## YOUR GOAL:
An exact copy of all the entries is needed, with no images in it.

BEGIN RECORD EXTRACTS

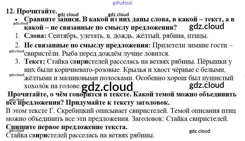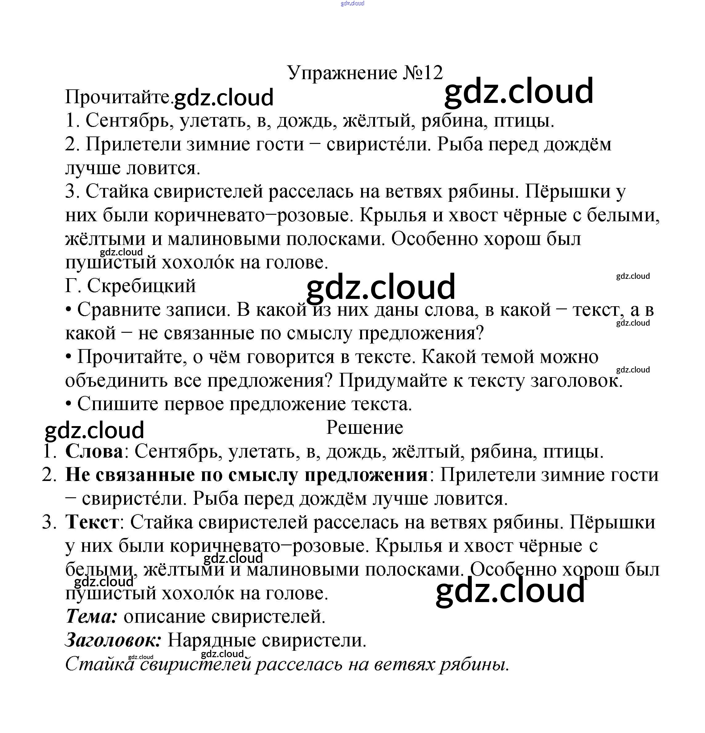 Ответ на задание упр.12 Учебник Русский язык за 2 (второй) класс Канакина, Горецкий Школа России 2013 Часть 1, 2
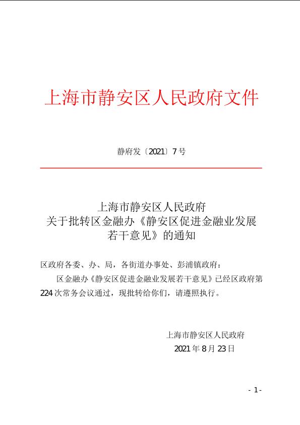 区金融办《静安区促进金融业发展若干意见》已经区政府第224次常务会议通过,现批转给你们,请遵照执行。
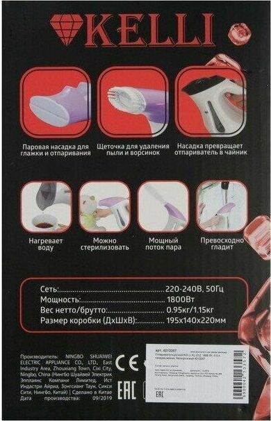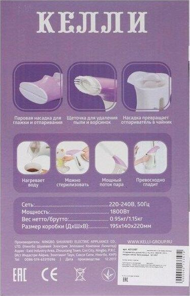 Паровая насадка. Насадка преобразующая отпариватель в чайник. Щеточка для удаления пыли и ворсинок. Кнопка вкл/выкл. Шкала уровня воды. Мерный стакан. Напряжение: 220-240 В Объём: 500 мл Мощность: 1800 Вт.
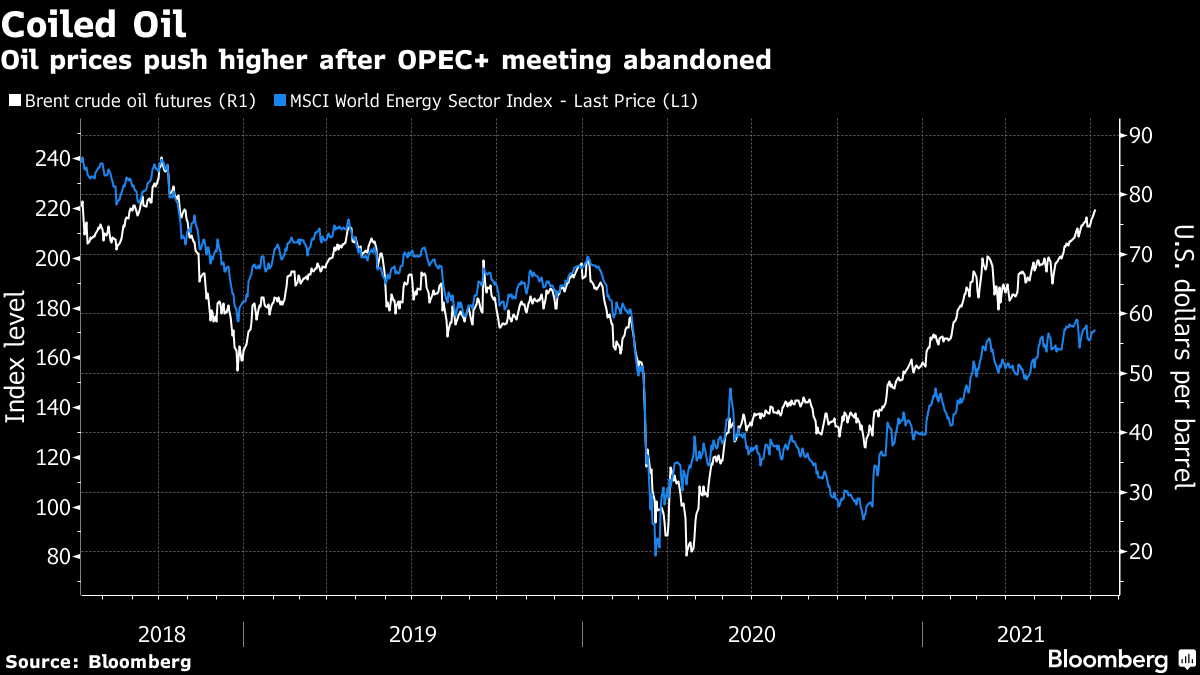 The surprise breakdown in talks means tighter supply conditions for crude and upward pressure on prices -- at least in the near term -- adding fuel to the wider inflationary concern that’s challenged central banks and roiled risk assets. Brent crude futures rose above $77 for the first time since 2018 this week, sending global energy shares higher.
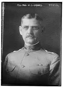 Американские силы на Дальнем Востоке составляли 7950 человек[1] под командованием генерал-майора Уильяма Грейвса. Это были 27-й и 31-й (4987 человек) полки Армии США, а также подразделения 310-го инженерно-сапёрного полка, военно-транспортные подразделения, медицинский батальон и полевой госпиталь[2], вместе с большим количеством добровольцев из 13-го и 62-го полков[1]. Американцы начали прибывать во Владивосток с 16 августа 1918 года. Грейвс объявил, что он будет проводить политику «невмешательства во внутренние дела России» и «полного нейтралитета», то есть одинакового отношения к Русской армии и красным партизанам. По межсоюзническому железнодорожному соглашению американцам были назначены для охраны участки Транссибирской магистрали от Владивостока до Уссурийска и в районе Верхнеудинска.[3]
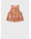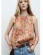 Confeccionada en tejido plisado, esta prenda presenta un diseño recto con estampado floral. El cuello redondo y los tirantes anchos aportan comodidad, mientras que el volante en el bajo añade un toque distintivo
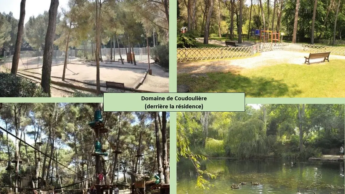 Vous disposerez en bas de la résidence de commerces de proximité (supérette, boulangerie, pharmacie, tabac presse, restaurants, coiffeur, bars lounge). Au dos de la résidence, magnifique parc de la Coudoulière avec lacs. Sans prendre la voiture, vous pourrez faire de belles balades ou footing, de l’accrobranche (parc Coudou), du mini-golf, du tennis, parc skateboard.
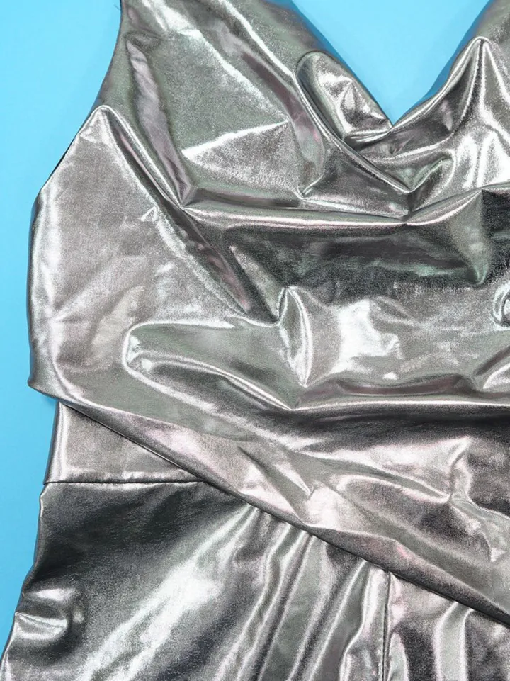 Glitter Halter Cowl Neck Backless Jumpsuit
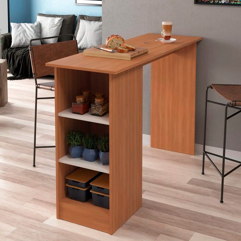 Mueble Desayunador Isla Cocina Ravena Con Estantes Freijo/Off White

END RECORD EXTRACTS

## THE ANSWER:
 Ответ на задание упр.12 Учебник Русский язык за 2 (второй) класс Канакина, Горецкий Школа России 2013 Часть 1, 2
 区金融办《静安区促进金融业发展若干意见》已经区政府第224次常务会议通过,现批转给你们,请遵照执行。
 Паровая насадка. Насадка преобразующая отпариватель в чайник. Щеточка для удаления пыли и ворсинок. Кнопка вкл/выкл. Шкала уровня воды. Мерный стакан. Напряжение: 220-240 В Объём: 500 мл Мощность: 1800 Вт.
 The surprise breakdown in talks means tighter supply conditions for crude and upward pressure on prices -- at least in the near term -- adding fuel to the wider inflationary concern that’s challenged central banks and roiled risk assets. Brent crude futures rose above $77 for the first time since 2018 this week, sending global energy shares higher.
 Американские силы на Дальнем Востоке составляли 7950 человек[1] под командованием генерал-майора Уильяма Грейвса. Это были 27-й и 31-й (4987 человек) полки Армии США, а также подразделения 310-го инженерно-сапёрного полка, военно-транспортные подразделения, медицинский батальон и полевой госпиталь[2], вместе с большим количеством добровольцев из 13-го и 62-го полков[1]. Американцы начали прибывать во Владивосток с 16 августа 1918 года. Грейвс объявил, что он будет проводить политику «невмешательства во внутренние дела России» и «полного нейтралитета», то есть одинакового отношения к Русской армии и красным партизанам. По межсоюзническому железнодорожному соглашению американцам были назначены для охраны участки Транссибирской магистрали от Владивостока до Уссурийска и в районе Верхнеудинска.[3]
 Confeccionada en tejido plisado, esta prenda presenta un diseño recto con estampado floral. El cuello redondo y los tirantes anchos aportan comodidad, mientras que el volante en el bajo añade un toque distintivo
 Vous disposerez en bas de la résidence de commerces de proximité (supérette, boulangerie, pharmacie, tabac presse, restaurants, coiffeur, bars lounge). Au dos de la résidence, magnifique parc de la Coudoulière avec lacs. Sans prendre la voiture, vous pourrez faire de belles balades ou footing, de l’accrobranche (parc Coudou), du mini-golf, du tennis, parc skateboard.
 Glitter Halter Cowl Neck Backless Jumpsuit
 Mueble Desayunador Isla Cocina Ravena Con Estantes Freijo/Off White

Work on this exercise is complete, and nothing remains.